No caso, a Tecumseh propôs a ação objetivando o arresto de bens e a desconsideração da personalidade jurídica da JS, com quem firmou contrato de prestação de serviços, visto que, a partir de janeiro de 2006, começou a receber mandados de “citação e pagamento” da Justiça do Trabalho com vistas à retenção de valores que seriam pagos à empresa de segurança, de forma a garantir dívidas trabalhistas desta última, oriundas de ações em diversas comarcas.

Conflito de competência

Proposta a ação perante a justiça especializada, ela deu-se por incompetente, à consideração de que a demanda “envolve relação de natureza civil havida entre requerente e requerida e não de natureza trabalhista”.
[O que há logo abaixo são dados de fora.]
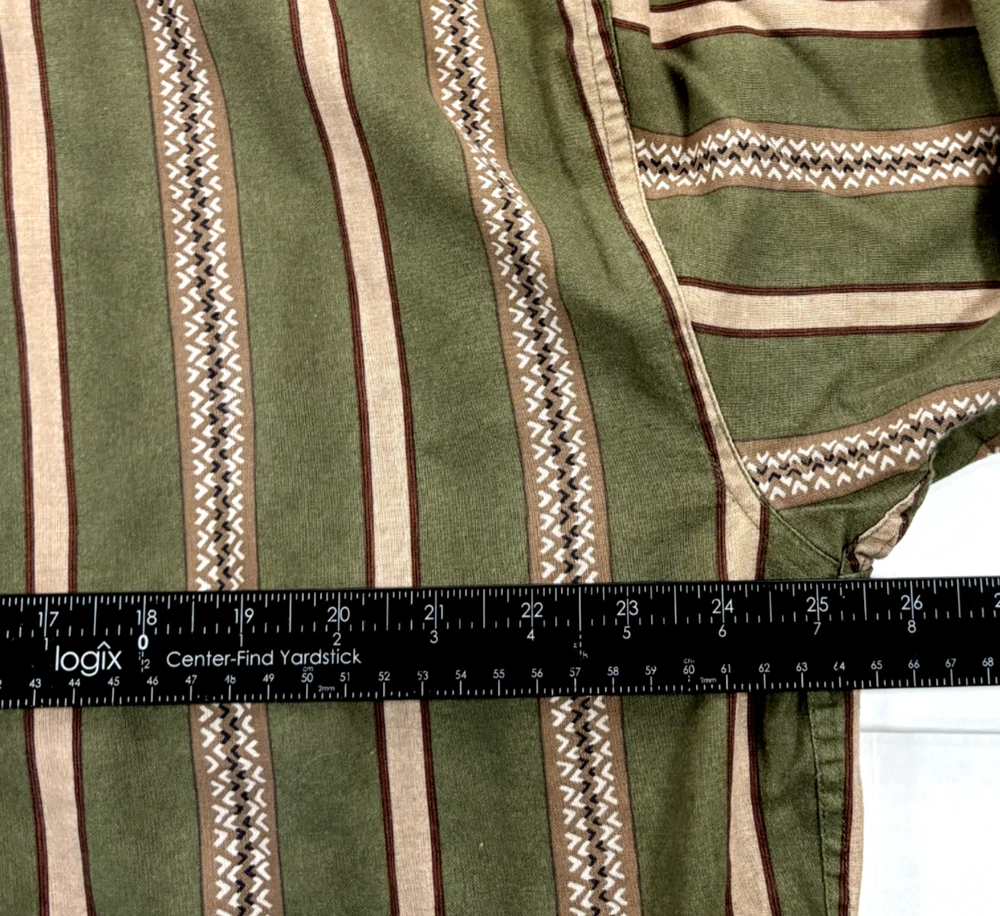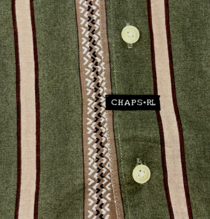 Chaps Ralph Lauren Shirt Green Geometric Striped Long Sleeve Pocket Button Up XL Please refer to photos for the most accurate measurements, description, and estimation of the item's condition. We’re happy to answer any questions or provide additional photos before purchase if requested! All items are sold as is and we try our very best to note any issues with condition in both our description and close up photos. Please remember that colors can look different across different devices and monitors. FAST SHIPPING! Orders are usually shipped within 24 hours M-F Friday orders will ship Monday morning at the latest, unless there is a postal holiday. Feel free to send us a message before purchase if you?d like a certain delivery service or combined shipping offers. Condition: Please see photos for measurements. Any further measurements needed? Just ask! EUC Pre-Owned: shows minimal to no signs of wear, as expected with typical well cared for use such as slight fading of colors with age. Please make sure to double check measurements for the best representation of fit, as brands can vary in sizing. Comes without sales tags, dust bag, or brand box. Will it Fit Check? Please reference the listed measurements (in photos and/or text) before purchasing. Fit check tip: Grab your favorite similar style item at home, lay the garment on a flat surface, and measure shoulder to shoulder, the width (armpit to armpit), and length (top to bottom). Then compare your measurements to those in our listing! If you need any further measurements not noted in the listing, please feel free to request, we will get back to you asap. Still got Questions? Send us a message! We do our best to accurately and thoroughly represent each item in images and condition description, but, if there's any further information you'd like before purchasing or have a shipping request, please don't hesitate to ask and we'll get back to you asap. RETURN POLICY: Please reach out prior to purchase with any questions or shipping requests. Returns are accepted within 30 days, buyer pays return shipping. Refund issued upon receipt of item in original condition. Full refund (minus original shipping) will be issued once we receive the item assuming it is in the exact same condition as it was shipped.(Clean, unaltered, tags still attached if item was new with tags, etc.) We request that you select "Item does not fit" when returning an item that does not fit. Thank you for shopping small and supporting our lil' Rodeo!
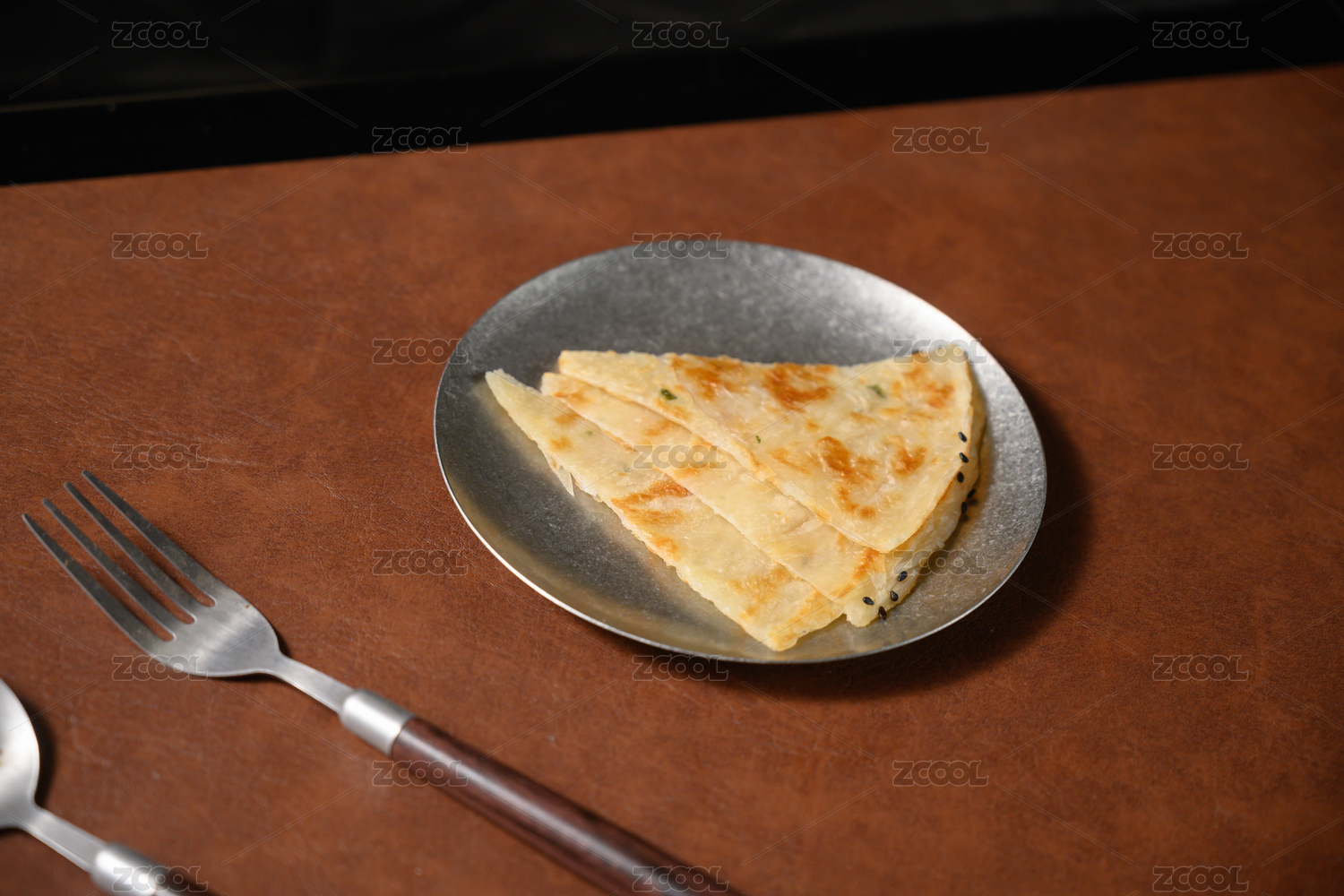 桌面上的盘子里的美味可口的香煎芋丝糕

Por sua vez, o juízo de Direito da 5ª Vara Cível de São Carlos (SP) suscitou o conflito de competência, por considerar inviável “admitir-se possa a Justiça Estadual comum ser competente para execução de título oriundo da Justiça do Trabalho”, restringindo-se a relação de direito civil existente entre as partes ao contrato inicial para prestação de serviços na área de segurança.

Decisão

O relator, ministro Castro Filho, entendeu que a relação de direito civil existente entre as partes, de fato, restringe-se ao contrato de prestação de serviços firmado, originalmente, entre ambas, o que implica a competência absoluta da Justiça do Trabalho para apreciar o pedido cautelar de arresto de bens e desconsideração da personalidade jurídica da empresa contratada.

“Isto por estarem tais questões intimamente relacionadas ao cumprimento das sentenças condenatórias emanadas da justiça especializada, ou seja, o juízo onde se formaram os diversos títulos executivos, cobrados junto à tomadora dos serviços”, afirmou o ministro.